Brusselse Gouwbonden

Uit NEVB Online
Ga naar: navigatie, zoeken

(Gewestbonden) onthaalstructuren voor Vlaamse inwijkelingen in Brussel, onderverdeeld naar de provincie van herkomst.

De Bonden wensten bij te dragen tot het behoud van de Vlaamse cultuur in Brussel. Hun voornaamste taak was de opvang en integratie van de inwijkelingen in de plaatselijke Vlaamse gemeenschappen. Men wilde voorkomen dat de Vlaamse inwijkeling zou worden geabsorbeerd door het Brusselse Franstalige grootstedelijke milieu.

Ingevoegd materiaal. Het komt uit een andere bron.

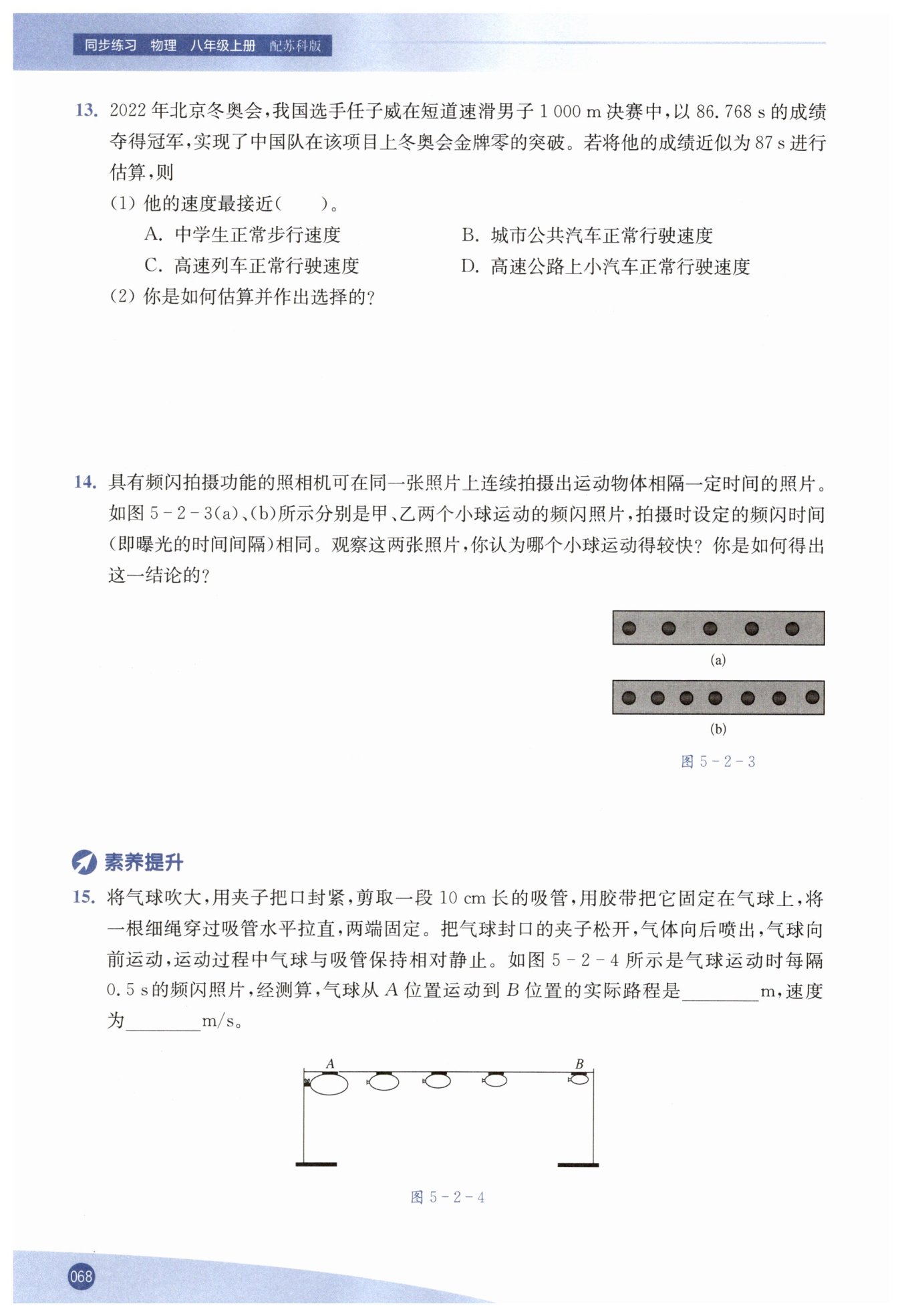 $以t=87 s近似估算出速度v11.5 m/s≈41.4km/h,通過比較作出選擇 $

De gevolgde strategie steunde op het afschermen van de verfranste buitenwereld en op het benadrukken via uitstappen, feesten en lezingen van de folkloristische verbondenheid met de streek van herkomst.

Het militant Vlaams karakter van de Bonden werd versterkt door de nauwe banden met Vlaams-nationalistische verenigingen als het Verbond der Vlaamse Oud-strijders (VOS) en het Algemeen Vlaamsch Verbond.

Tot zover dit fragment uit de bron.